→ **Task goal**: Drop every image and restate the entries below word for word.

→ **Extracted data**:
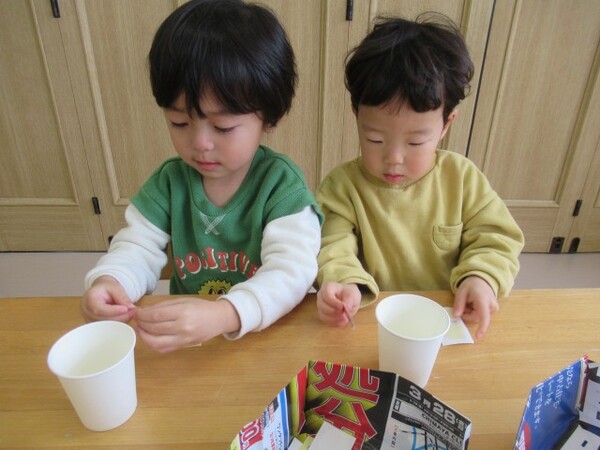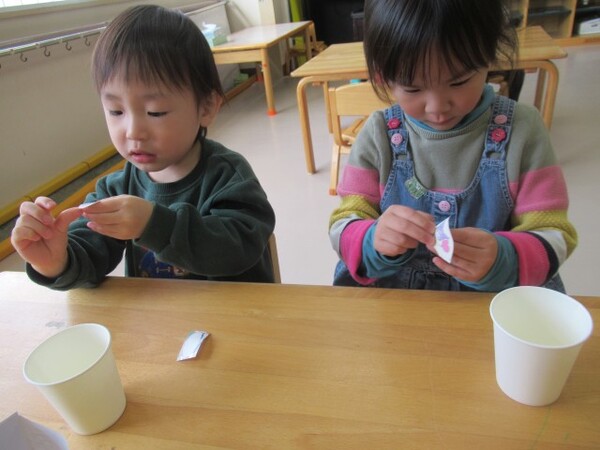 選んだ後は、折り紙をちぎってもらいました。
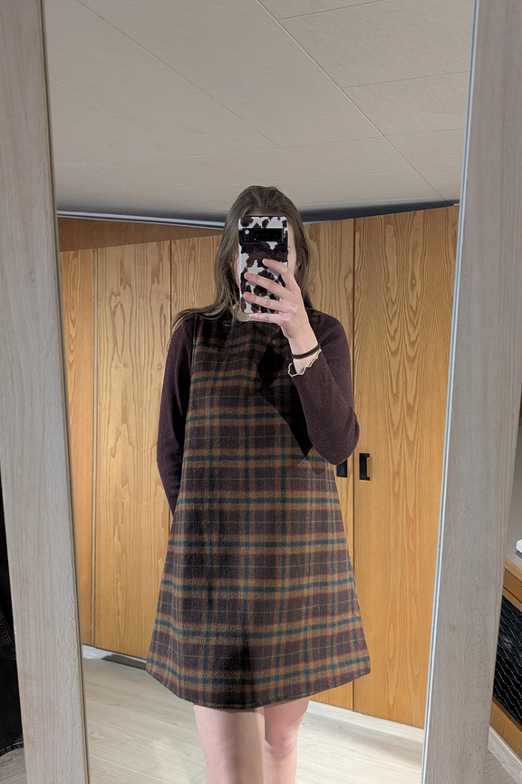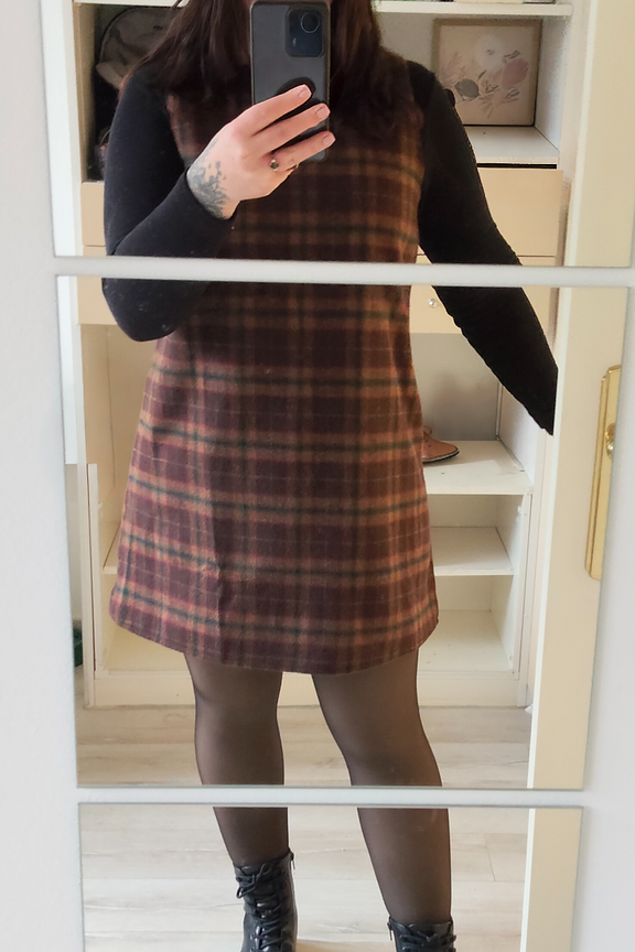 “Sympathique avec un sous pull bordeaux, des collants marron et bottes cavalières”
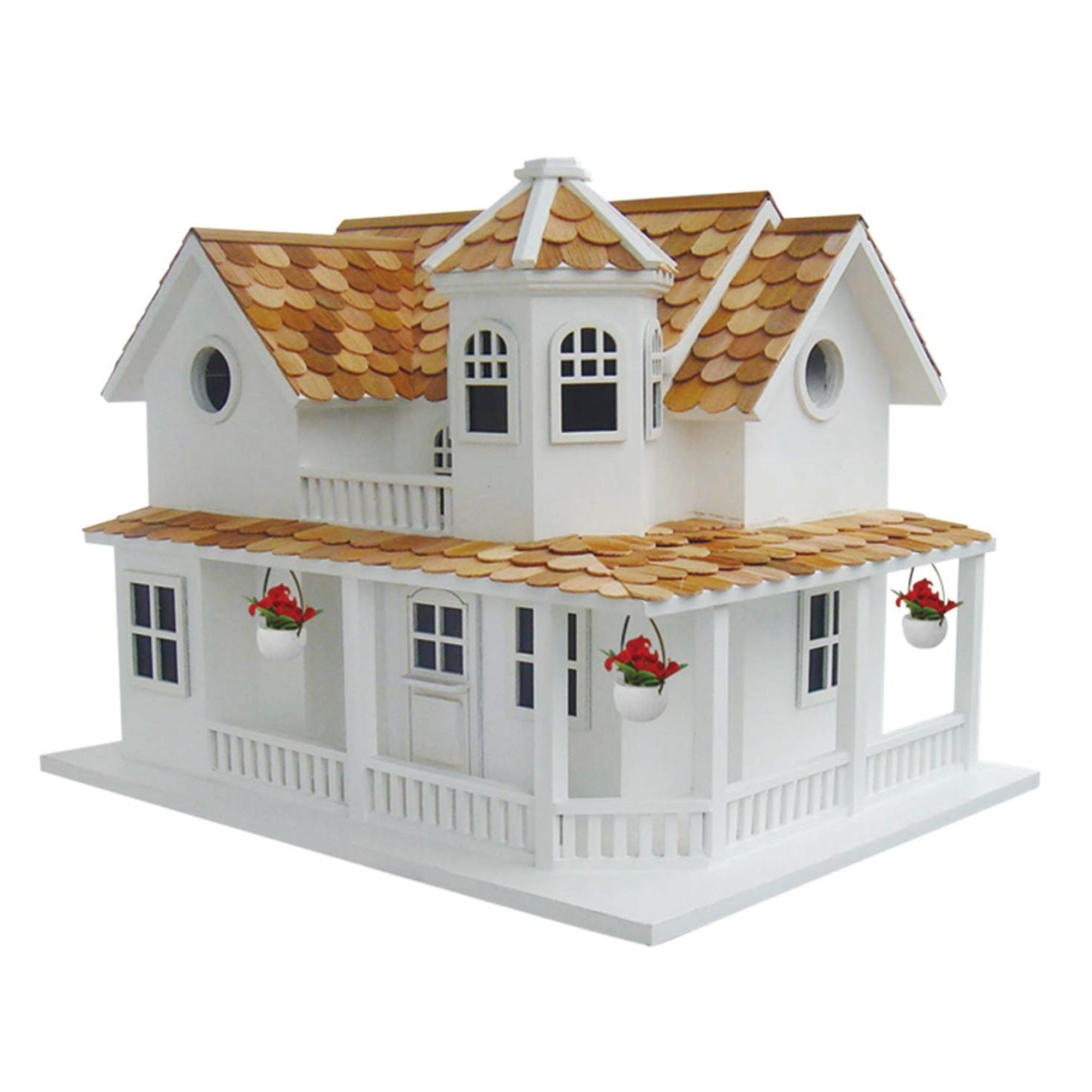 Such an inviting farmhouse cottage birdhouse with a beautiful wraparound porch. The western red cedar shingled roof, including a turret, are the standout features of this birdhouse. Three hanging flower baskets adorn the porch. There are two separate nest boxes separated by an interior wall. A removable back wall, drainage, ventilation, an unpainted interior.
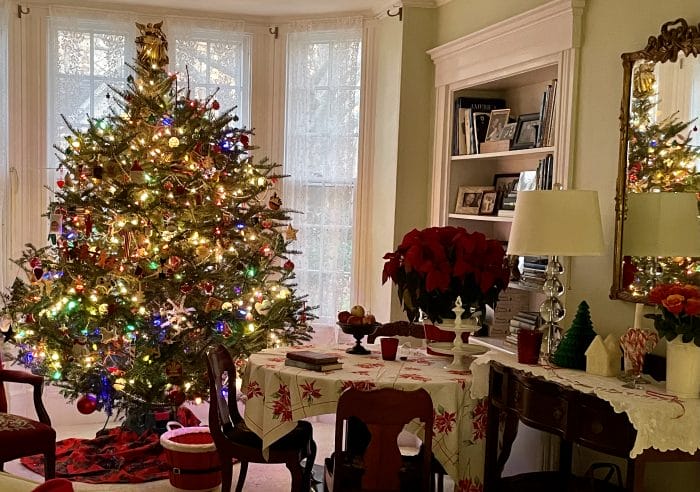 We’re leaving the trees up and lit, both inside and out, until Twelfth Night. By that time, I’m sure this one will crumble into dust! I tiptoe by it and hear the tinkling sound of falling needles! But it’s still pretty! Let the celebration continue!
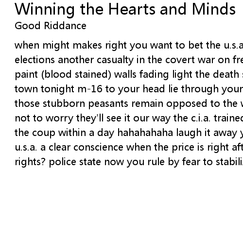 when might makes right you want to bet the u.s.a. is now a terrorist threat free elections another casualty in the covert war on freedom and democracy spray paint (blood stained) walls fading light the death squads are coming to your town tonight m-16 to your head lie through your teeth or you might end up dead those stubborn peasants remain opposed to the western puppet that we've imposed not to worry they'll see it our way the c.i.a. trained death squads will crush the coup within a day hahahahaha laugh it away you're making friends with the u.s.a. a clear conscience when the price is right after all who needs human rights? police state now you rule by fear to stabilize this hemisphere for what?
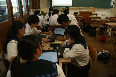 クラスを6つの班に分けて発表会を行い、相互評価によってそれぞれの班代表を決定しました。
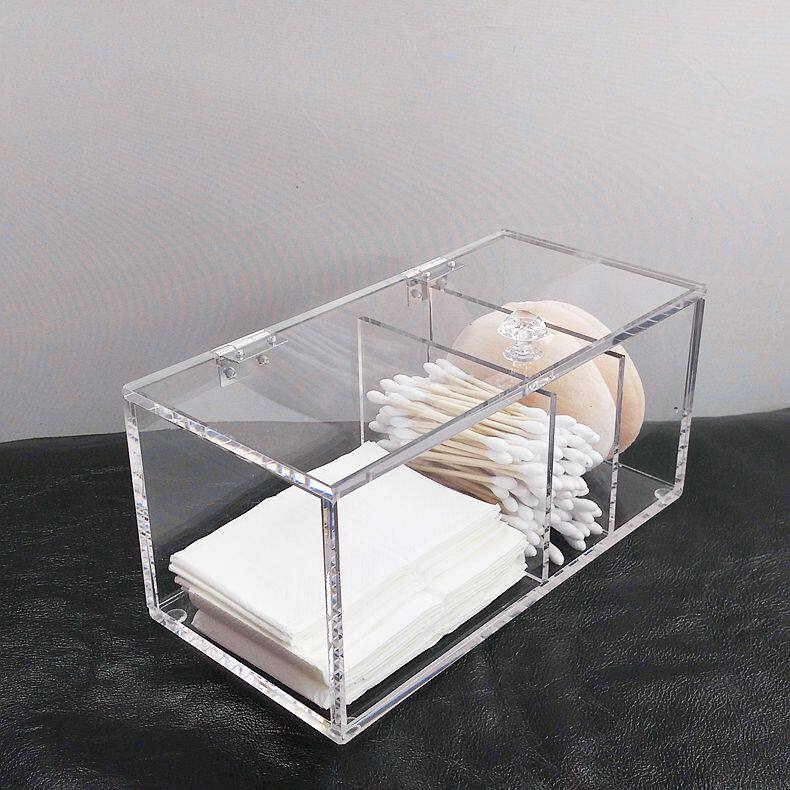 New Handcrafted Clear Acrylic Cotton Pad Holder Cotton Bud Makeup Sponge Storage Box
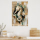 Une Crème & White Seahorse Drift sur un Arrière - plan Abstrait. Pages de livres Vintages Brown entourant le cheval de mer avec une palette de couleurs de terre Abstraite. Ocean Academia inspire cette impression numérique.
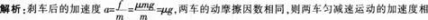 问题 一辆空车和一辆满载货物的同型号汽车,在同一路面上以相同的速度向同一方向行驶。两辆汽车同时紧急刹车后(即车轮不滚动只滑动),以下说法正确的是(  )。
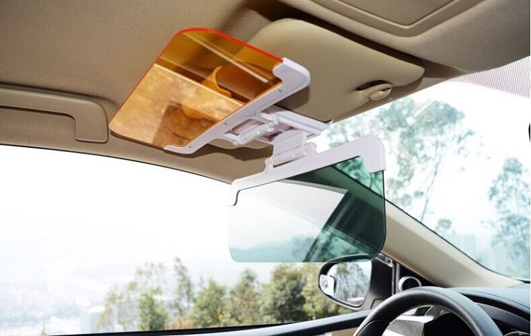 1. Car sun visor extender sun blocker HD protects sensible eyes from annoying direct light of the morning and evening sun. The car visor extender dark shield filters the UV light 97,4 % and the yellow shield eliminates the dazzle light of the oncoming traffic.
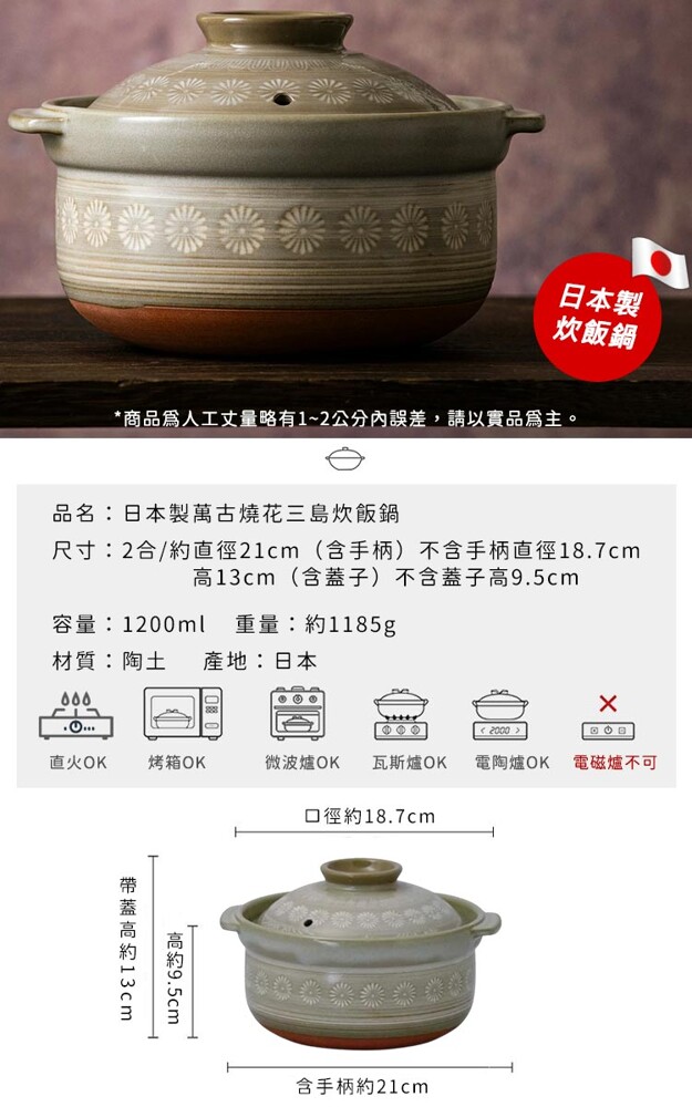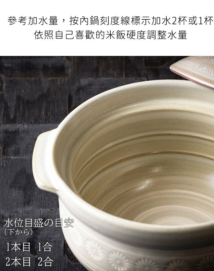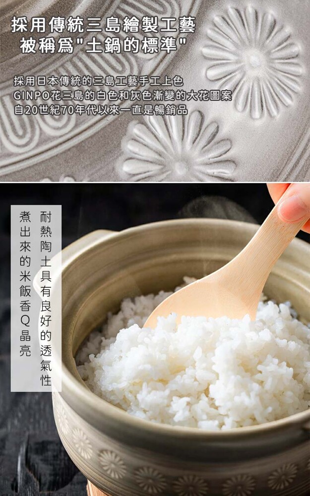 商品品名:【銀峰】日本製萬古燒花三島炊飯鍋-2合1200ml

→ **Response area**:
 選んだ後は、折り紙をちぎってもらいました。
 “Sympathique avec un sous pull bordeaux, des collants marron et bottes cavalières”
 Such an inviting farmhouse cottage birdhouse with a beautiful wraparound porch. The western red cedar shingled roof, including a turret, are the standout features of this birdhouse. Three hanging flower baskets adorn the porch. There are two separate nest boxes separated by an interior wall. A removable back wall, drainage, ventilation, an unpainted interior.
 We’re leaving the trees up and lit, both inside and out, until Twelfth Night. By that time, I’m sure this one will crumble into dust! I tiptoe by it and hear the tinkling sound of falling needles! But it’s still pretty! Let the celebration continue!
 when might makes right you want to bet the u.s.a. is now a terrorist threat free elections another casualty in the covert war on freedom and democracy spray paint (blood stained) walls fading light the death squads are coming to your town tonight m-16 to your head lie through your teeth or you might end up dead those stubborn peasants remain opposed to the western puppet that we've imposed not to worry they'll see it our way the c.i.a. trained death squads will crush the coup within a day hahahahaha laugh it away you're making friends with the u.s.a. a clear conscience when the price is right after all who needs human rights? police state now you rule by fear to stabilize this hemisphere for what?
 クラスを6つの班に分けて発表会を行い、相互評価によってそれぞれの班代表を決定しました。
 New Handcrafted Clear Acrylic Cotton Pad Holder Cotton Bud Makeup Sponge Storage Box
 Une Crème & White Seahorse Drift sur un Arrière - plan Abstrait. Pages de livres Vintages Brown entourant le cheval de mer avec une palette de couleurs de terre Abstraite. Ocean Academia inspire cette impression numérique.
 问题 一辆空车和一辆满载货物的同型号汽车,在同一路面上以相同的速度向同一方向行驶。两辆汽车同时紧急刹车后(即车轮不滚动只滑动),以下说法正确的是(  )。
 1. Car sun visor extender sun blocker HD protects sensible eyes from annoying direct light of the morning and evening sun. The car visor extender dark shield filters the UV light 97,4 % and the yellow shield eliminates the dazzle light of the oncoming traffic.
 商品品名:【銀峰】日本製萬古燒花三島炊飯鍋-2合1200ml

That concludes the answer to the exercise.